About this task: Keep every word the same. Repeat the records without their images.

*** Supplied information

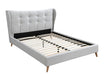 Every element from the wing back styled headboard, light gray upholstery, and button tufting exudes timeless elegance and contemporary comfort. The fully upholstered bed features a distinct and sophisticated headboard designed with wing back and button tufted details. Wooden leg gives a sturdy support but also a cozy vibe to the bed. Fashioned with a chic and elegant look, the Duran Bed will create a relaxing sleeping environment for you after a long day at work.
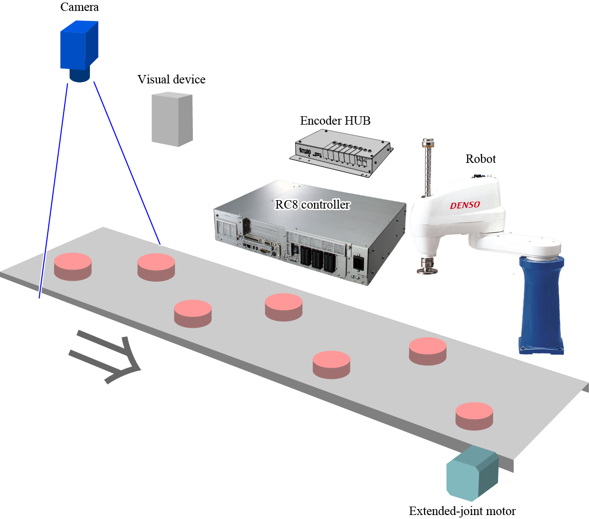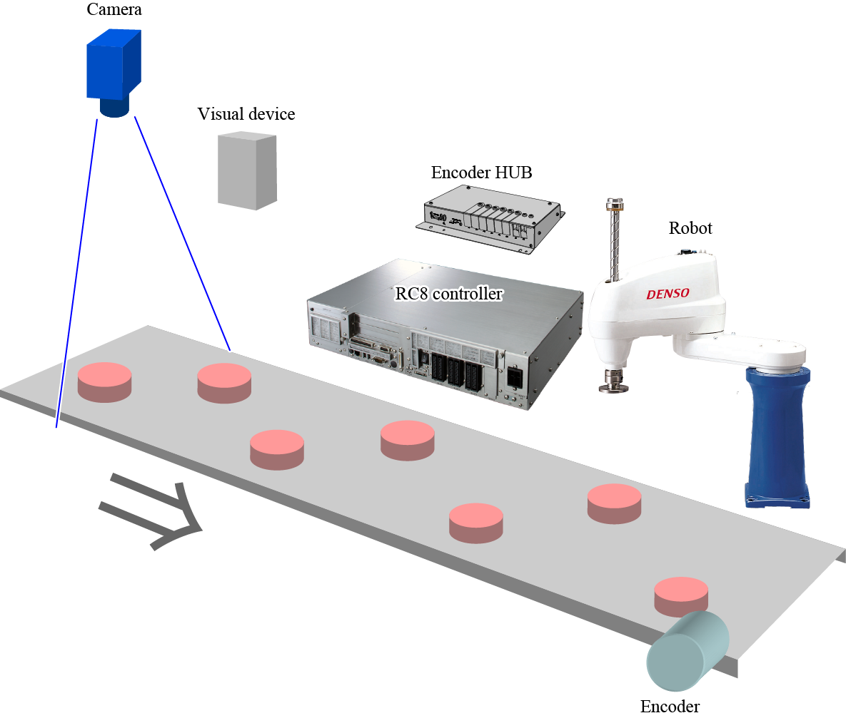The vision tracking system is applied to pick up workpieces which are placed on arbitrary position on the moving conveyor.
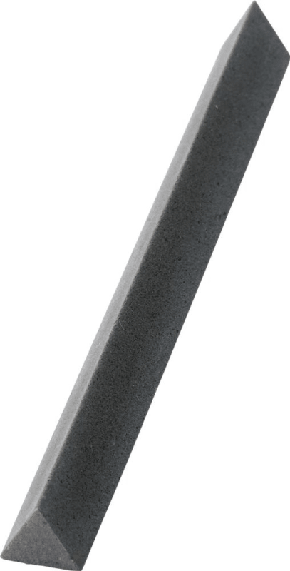 Silicium-Carbid-Schleiffeile, dreikantSchleiffeilen aus Silicium-Carbid in keramischer Bindung, in grober, mittlerer und feiner Körnung.Schleiffeilen finden Anwendung im Formen- und Werkzeugbau, im allgemeinen Maschinen- und Apparatebau, zum Werkzeugschleifen oder Entgraten, zum Nachbearbeiten an Spritz-, Press- und Druckguss-Werkzeugen und vor allem auch an allen Werkzeugen für die Kunststoff-Industrie. Zum Bearbeiten von Werkzeugen aus Hartmetall und zum Bearbeiten von Aluminium, Bronze, Glas, Gestein, Grauguss und ähnlichen Materialien. Gebrauch trocken, mit Wasser oder Öl.
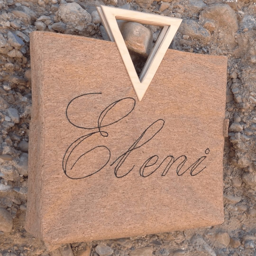 - Ξύλινη χειροποίητη λαβή σε σχήμα τριγώνου.
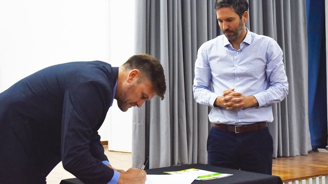 Martín Müller y Sebastián Bértoli, director ejecutivo del Becario, rubricaron el acuerdo mediante el cual se otorgarán formularios especiales a las escuelas que participen del programa piloto de implementación del SAT.
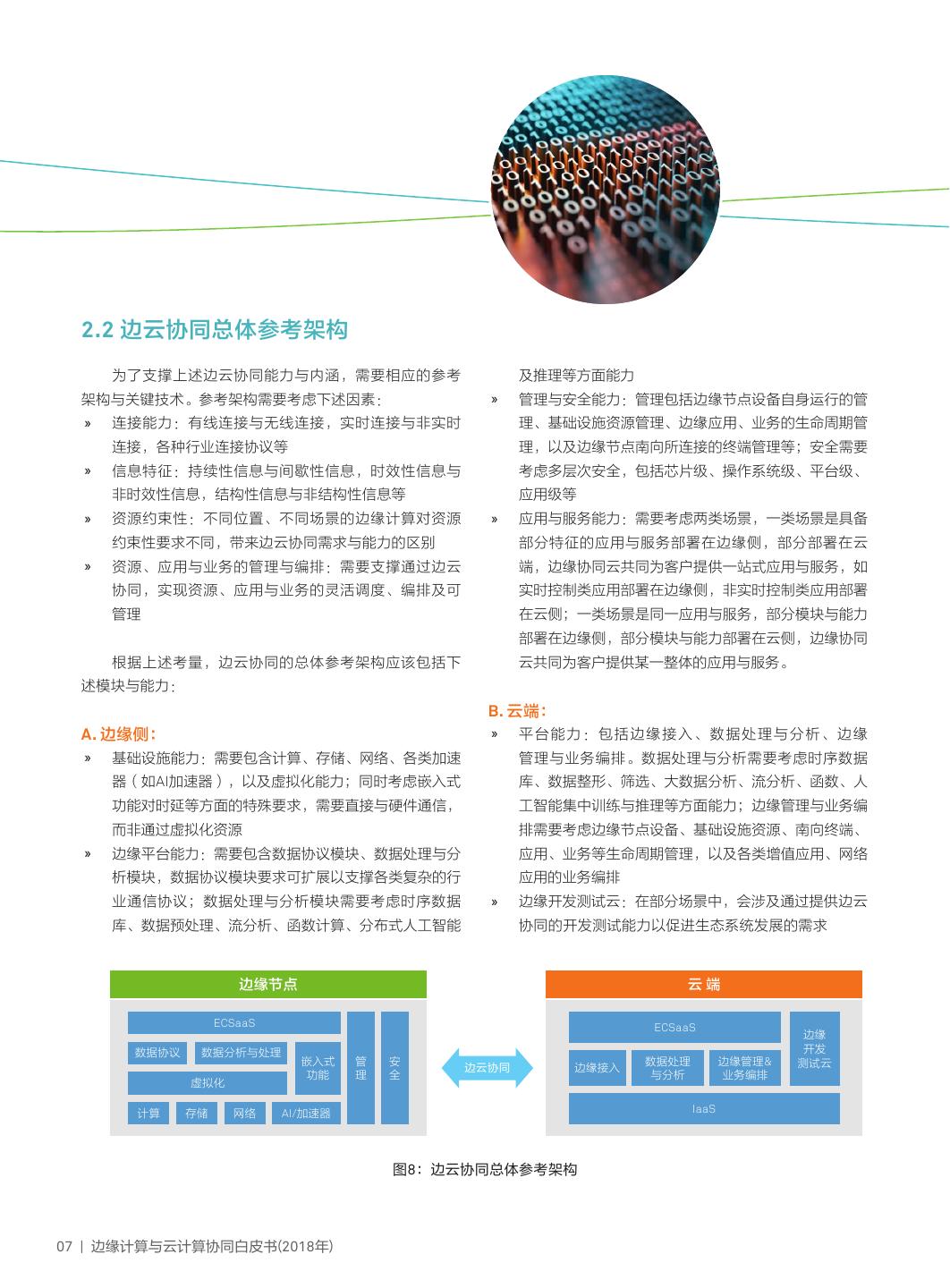 10 . 2.2 边云协同总体参考架构 为了支撑上述边云协同能力与内涵,需要相应的参考 及推理等方面能力 架构与关键技术。参考架构需要考虑下述因素: » 管理与安全能力:管理包括边缘节点设备自身运行的管 » 连接能力:有线连接与无线连接,实时连接与非实时 理、基础设施资源管理、边缘应用、业务的生命周期管 连接,各种行业连接协议等 理,以及边缘节点南向所连接的终端管理等;安全需要 » 信息特征:持续性信息与间歇性信息,时效性信息与 考虑多层次安全,包括芯片级、操作系统级、平台级、 非时效性信息,结构性信息与非结构性信息等 应用级等 » 资源约束性:不同位置、不同场景的边缘计算对资源 » 应用与服务能力:需要考虑两类场景,一类场景是具备 约束性要求不同,带来边云协同需求与能力的区别 部分特征的应用与服务部署在边缘侧,部分部署在云 » 资源、应用与业务的管理与编排:需要支撑通过边云 端,边缘协同云共同为客户提供一站式应用与服务,如 协同,实现资源、应用与业务的灵活调度、编排及可 实时控制类应用部署在边缘侧,非实时控制类应用部署 管理 在云侧;一类场景是同一应用与服务,部分模块与能力 部署在边缘侧,部分模块与能力部署在云侧,边缘协同 根据上述考量,边云协同的总体参考架构应该包括下 云共同为客户提供某一整体的应用与服务。 述模块与能力: B. 云端: A. 边缘侧: » 平台能力:包括边缘接入、数据处理与分析、边缘 » 基础设施能力:需要包含计算、存储、网络、各类加速 管理与业务编排。数据处理与分析需要考虑时序数据 器(如AI加速器),以及虚拟化能力;同时考虑嵌入式 库、数据整形、筛选、大数据分析、流分析、函数、人 功能对时延等方面的特殊要求,需要直接与硬件通信, 工智能集中训练与推理等方面能力;边缘管理与业务编 而非通过虚拟化资源 排需要考虑边缘节点设备、基础设施资源、南向终端、 » 边缘平台能力:需要包含数据协议模块、数据处理与分 应用、业务等生命周期管理,以及各类增值应用、网络 析模块,数据协议模块要求可扩展以支撑各类复杂的行 应用的业务编排 业通信协议;数据处理与分析模块需要考虑时序数据 » 边缘开发测试云:在部分场景中,会涉及通过提供边云 库、数据预处理、流分析、函数计算、分布式人工智能 协同的开发测试能力以促进生态系统发展的需求 边缘节点 云端 ECSaaS ECSaaS 边缘 数据协议 数据分析与处理 开发 嵌入式 管 安 数据处理 边缘管理& 测试云 边云协同 边缘接入 功能 理 全 与分析 业务编排 虚拟化 计算 存储 网络 AI/加速器 IaaS 图8:边云协同总体参考架构 07 | 边缘计算与云计算协同白皮书(2018年)
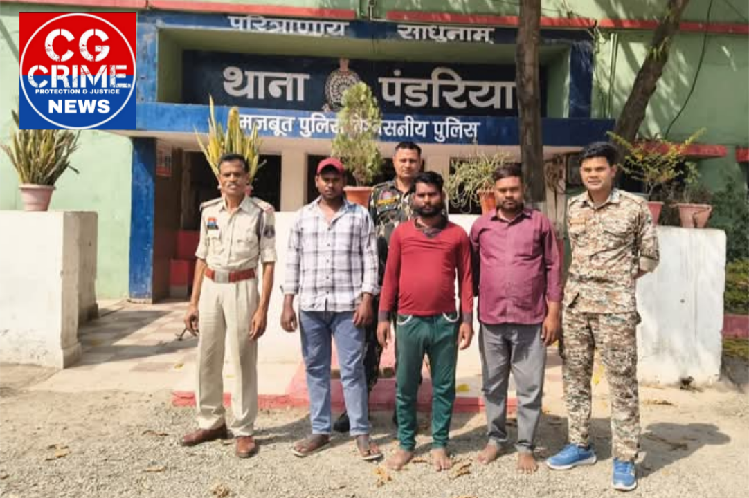 कवर्धा। जिले के थाना पंडरिया पुलिस को थाना क्षेत्रांतर्गत अपराध पर अंकुश लगाने श्रीमान पुलिस अधीक्षक महोदय कवर्धा श्री धमेद्र सिंह के द्वारा पंडरिया थाना क्षेत्रातंर्गत जुआ,सट्टा,आबकरी एवं अन्य आपराधिक गतिविधियो के विरूद्ध लगातार प्रभावी कार्यवाही करने हेतु निर्देशित किया गया था। जिसके परिपालन में अति.पुलिस अधी. श्री पुष्पेन्द्र सिंह बघेल (रापुसे) एंव अति.पुलिस अधी. श्री अमित पटेल (रापुसे) एवं पुलिस अनुविभागीय अधिकारी पण्डरिया श्री भूपत सिंह धनेश्री (रापुसे) के मार्गदर्शन में थाना पंडरिया द्वारा क्षेत्र में अपराधो पर अंकुश लगाने निर्देशित किया गया है ,कि थाना पंडरिया में दिनांक 08.03.2026 को मुखबीर सूचना पर थाना पंडरिया क्षेत्रांतर्गत ग्राम मोतिमपुर में आनंद बघेल के घर के सामने आम जगह पर ताश पत्ती से रूपये पैसे से हारजीत की बाजी लगाकर काट पत्ती नामक जुआ का खेल, खेल रहे है।

******

Expected answer:
 Every element from the wing back styled headboard, light gray upholstery, and button tufting exudes timeless elegance and contemporary comfort. The fully upholstered bed features a distinct and sophisticated headboard designed with wing back and button tufted details. Wooden leg gives a sturdy support but also a cozy vibe to the bed. Fashioned with a chic and elegant look, the Duran Bed will create a relaxing sleeping environment for you after a long day at work.
The vision tracking system is applied to pick up workpieces which are placed on arbitrary position on the moving conveyor.
 Silicium-Carbid-Schleiffeile, dreikantSchleiffeilen aus Silicium-Carbid in keramischer Bindung, in grober, mittlerer und feiner Körnung.Schleiffeilen finden Anwendung im Formen- und Werkzeugbau, im allgemeinen Maschinen- und Apparatebau, zum Werkzeugschleifen oder Entgraten, zum Nachbearbeiten an Spritz-, Press- und Druckguss-Werkzeugen und vor allem auch an allen Werkzeugen für die Kunststoff-Industrie. Zum Bearbeiten von Werkzeugen aus Hartmetall und zum Bearbeiten von Aluminium, Bronze, Glas, Gestein, Grauguss und ähnlichen Materialien. Gebrauch trocken, mit Wasser oder Öl.
 - Ξύλινη χειροποίητη λαβή σε σχήμα τριγώνου.
 Martín Müller y Sebastián Bértoli, director ejecutivo del Becario, rubricaron el acuerdo mediante el cual se otorgarán formularios especiales a las escuelas que participen del programa piloto de implementación del SAT.
 10 . 2.2 边云协同总体参考架构 为了支撑上述边云协同能力与内涵,需要相应的参考 及推理等方面能力 架构与关键技术。参考架构需要考虑下述因素: » 管理与安全能力:管理包括边缘节点设备自身运行的管 » 连接能力:有线连接与无线连接,实时连接与非实时 理、基础设施资源管理、边缘应用、业务的生命周期管 连接,各种行业连接协议等 理,以及边缘节点南向所连接的终端管理等;安全需要 » 信息特征:持续性信息与间歇性信息,时效性信息与 考虑多层次安全,包括芯片级、操作系统级、平台级、 非时效性信息,结构性信息与非结构性信息等 应用级等 » 资源约束性:不同位置、不同场景的边缘计算对资源 » 应用与服务能力:需要考虑两类场景,一类场景是具备 约束性要求不同,带来边云协同需求与能力的区别 部分特征的应用与服务部署在边缘侧,部分部署在云 » 资源、应用与业务的管理与编排:需要支撑通过边云 端,边缘协同云共同为客户提供一站式应用与服务,如 协同,实现资源、应用与业务的灵活调度、编排及可 实时控制类应用部署在边缘侧,非实时控制类应用部署 管理 在云侧;一类场景是同一应用与服务,部分模块与能力 部署在边缘侧,部分模块与能力部署在云侧,边缘协同 根据上述考量,边云协同的总体参考架构应该包括下 云共同为客户提供某一整体的应用与服务。 述模块与能力: B. 云端: A. 边缘侧: » 平台能力:包括边缘接入、数据处理与分析、边缘 » 基础设施能力:需要包含计算、存储、网络、各类加速 管理与业务编排。数据处理与分析需要考虑时序数据 器(如AI加速器),以及虚拟化能力;同时考虑嵌入式 库、数据整形、筛选、大数据分析、流分析、函数、人 功能对时延等方面的特殊要求,需要直接与硬件通信, 工智能集中训练与推理等方面能力;边缘管理与业务编 而非通过虚拟化资源 排需要考虑边缘节点设备、基础设施资源、南向终端、 » 边缘平台能力:需要包含数据协议模块、数据处理与分 应用、业务等生命周期管理,以及各类增值应用、网络 析模块,数据协议模块要求可扩展以支撑各类复杂的行 应用的业务编排 业通信协议;数据处理与分析模块需要考虑时序数据 » 边缘开发测试云:在部分场景中,会涉及通过提供边云 库、数据预处理、流分析、函数计算、分布式人工智能 协同的开发测试能力以促进生态系统发展的需求 边缘节点 云端 ECSaaS ECSaaS 边缘 数据协议 数据分析与处理 开发 嵌入式 管 安 数据处理 边缘管理& 测试云 边云协同 边缘接入 功能 理 全 与分析 业务编排 虚拟化 计算 存储 网络 AI/加速器 IaaS 图8:边云协同总体参考架构 07 | 边缘计算与云计算协同白皮书(2018年)
 कवर्धा। जिले के थाना पंडरिया पुलिस को थाना क्षेत्रांतर्गत अपराध पर अंकुश लगाने श्रीमान पुलिस अधीक्षक महोदय कवर्धा श्री धमेद्र सिंह के द्वारा पंडरिया थाना क्षेत्रातंर्गत जुआ,सट्टा,आबकरी एवं अन्य आपराधिक गतिविधियो के विरूद्ध लगातार प्रभावी कार्यवाही करने हेतु निर्देशित किया गया था। जिसके परिपालन में अति.पुलिस अधी. श्री पुष्पेन्द्र सिंह बघेल (रापुसे) एंव अति.पुलिस अधी. श्री अमित पटेल (रापुसे) एवं पुलिस अनुविभागीय अधिकारी पण्डरिया श्री भूपत सिंह धनेश्री (रापुसे) के मार्गदर्शन में थाना पंडरिया द्वारा क्षेत्र में अपराधो पर अंकुश लगाने निर्देशित किया गया है ,कि थाना पंडरिया में दिनांक 08.03.2026 को मुखबीर सूचना पर थाना पंडरिया क्षेत्रांतर्गत ग्राम मोतिमपुर में आनंद बघेल के घर के सामने आम जगह पर ताश पत्ती से रूपये पैसे से हारजीत की बाजी लगाकर काट पत्ती नामक जुआ का खेल, खेल रहे है।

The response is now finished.